楼道里挤压摩擦的声音越来越靠近,吞息两口气息后把双手上的多余血液涂抹在墙壁上,松懈的身体再次绷紧,捏紧手中已经回归粗糙感的金属棍,深吸一口气后打开厚重的大门。
“吱呀。。。。。。
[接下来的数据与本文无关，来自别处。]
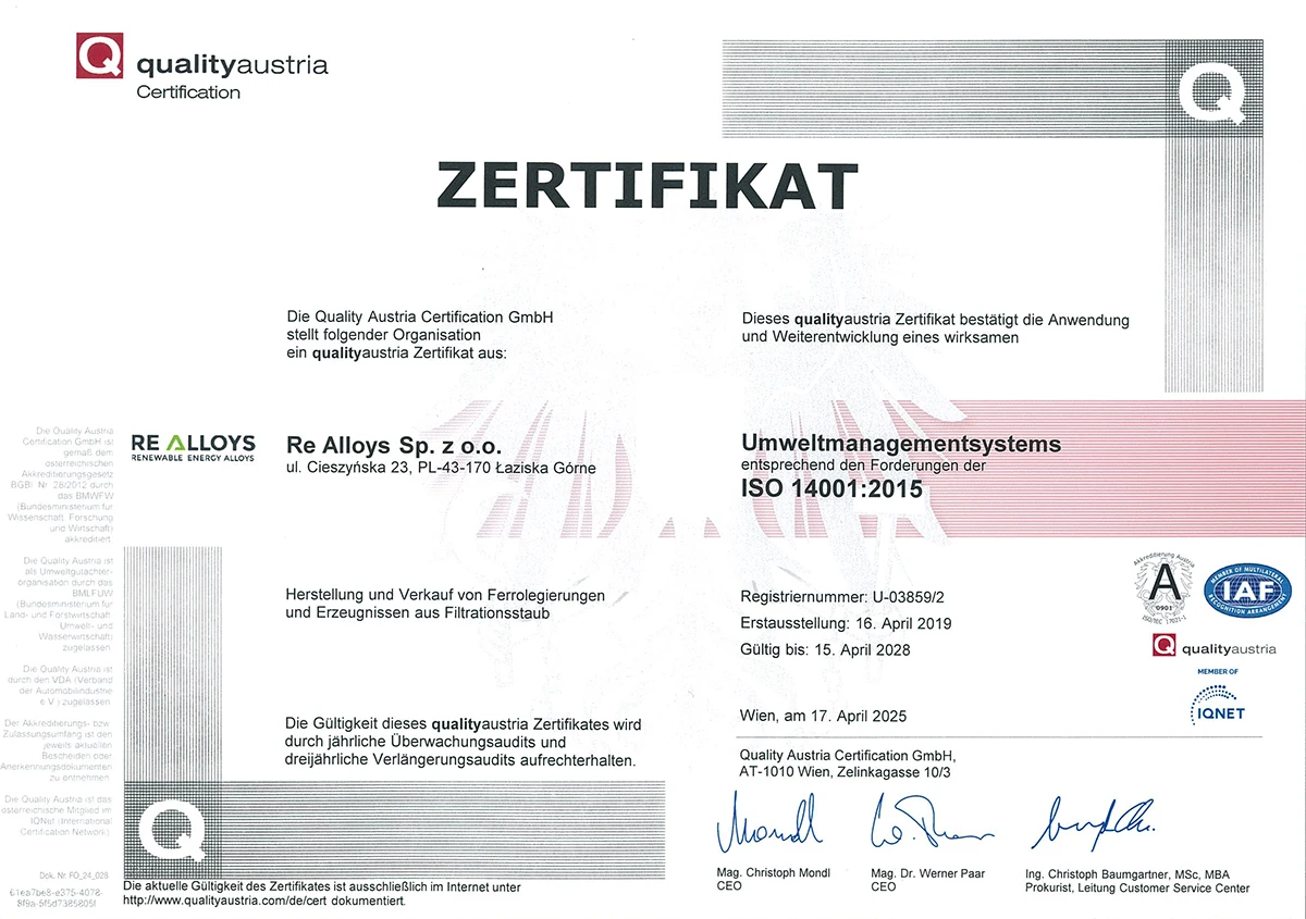 Considering the above, Re Alloys analyses environmental aspects and monitors influence on the environment. We declare that we observe the requirements imposed by law, environmental programmes and regulations; we also take measures in the field of environmental protection that go beyond the external requirements. We constantly improve and introduce solutions which minimise our negative impact on the environment.

”
厚重的安全通道大门缓缓打开,周围听见动静的血肉纷纷靠近。
一截顶端夹杂着血液的锋利金属刺出,染红了灰白色大门边沿,灰烬和尘埃味道涌入通道。
“咔吧咔吧咔吧!”
门打开的同时,牙齿疯狂咬合的撞击声传入耳中。
一颗故作镇定的脑袋逆着味道从里面探出,小心又着急的观察情况。
“吼~”
入眼就是一张被撕咬掉半边脸颊的狰狞脸颊,甚至可以清晰看见暴露在脸颊上的牙床,绷紧的青筋能看出它有多么兴奋。
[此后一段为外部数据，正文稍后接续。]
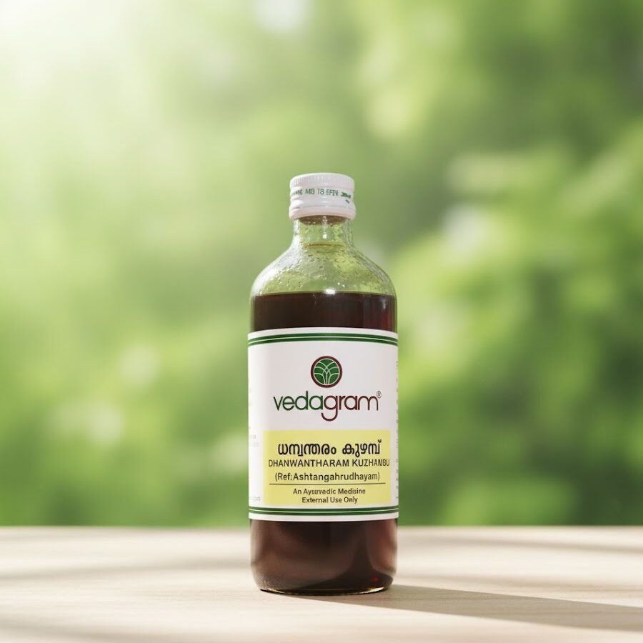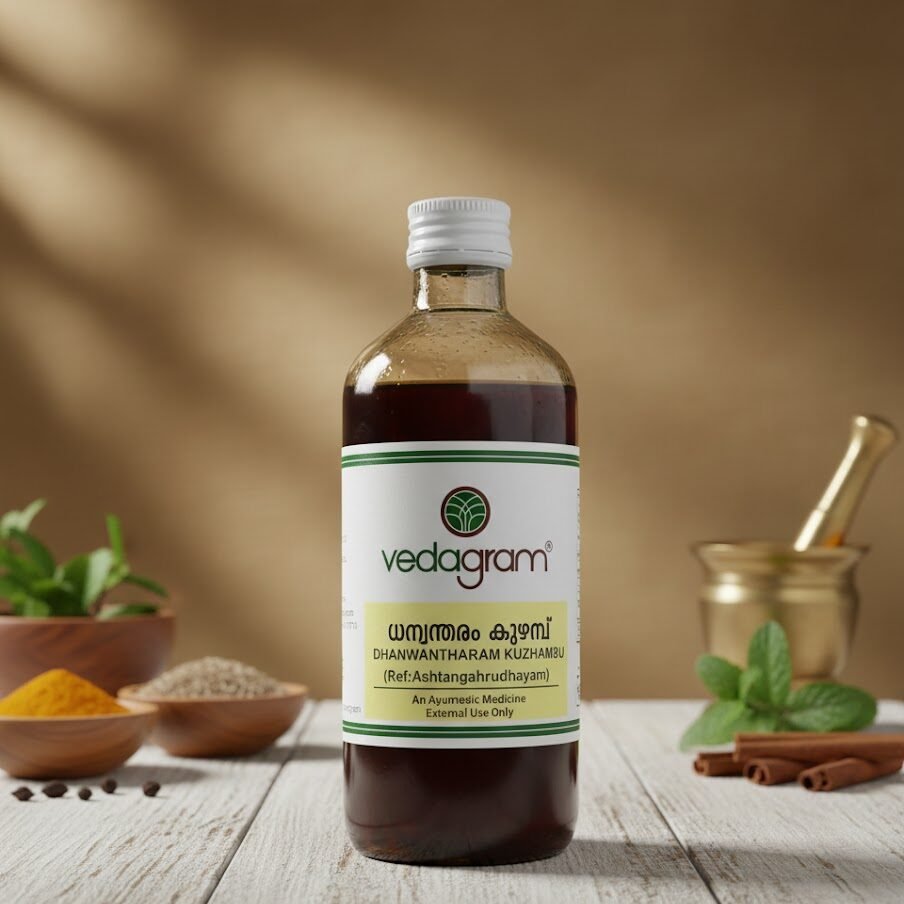 Dhanwantaram Kuzhampu is a classical Ayurvedic oil prepared with nourishing herbs to support joint health, relieve body pain, and strengthen muscles and nerves. Widely used for postpartum care and general rejuvenation.

他尾巴骨都绷紧,立刻反应过来,一挥手中鲜血淋漓的金属棍,击退扑来的恐怖面容,那血肉向后倒飞,砸向后方靠近的同类。
这些被同类撞击的血肉没有丝毫感觉,甚至有些更加强壮的血肉直接撕碎眼前的同类,沐浴粘稠黑血咆哮着撞来。
周围闻声的血肉都聚集过来,窒息着呼吸想要吞食这浴血的人影。
他颤抖着,强压心头的恐慌,把自己的命交给手中的武器。
棍花挥舞,每一次都有血液飞溅而出,他不敢有一丝松懈,因为这些闭合狰狞的口齿能够轻易夺走他的一切。
但是靠近的咔吧声,窒息声越来越多,他被困住,在这里僵持着,用力砸碎这些狰狞脑袋后,就会有更狰狞的面容补上来,咆哮着,疯狂着想要分食自己。
他只能疯狂的挥舞,用力踢开身侧的人形血肉,好几次险些被这些锋利的口齿撕咬到!
眼看,前方的空旷路面就要来了,自由和安全正在向他招手,无尽的死亡轮回就要被终结!
他是何等兴奋,浑身的血都在沸腾,肾上腺毫不吝啬的分泌,只能听见自己身体强烈的心跳。
那是对生的渴望!
“嚎!”
一明显更加臃肿强壮的血肉突然扑向他,那血盆大口里还残留着不少人体组织。
就像是一台高行驶的机车!
兴奋之余的他不及闪躲,根本反应不过来,只能双手撑起自己的武器挡住这接近两米高的家伙。
“啊!!!呃!呼,呼,呼!”
他被这东西用力撞回身后溅满血迹的大门上,双手以诡异的姿势架着金属棒两端,刚刚被擦拭完的血再次光滑了棒端。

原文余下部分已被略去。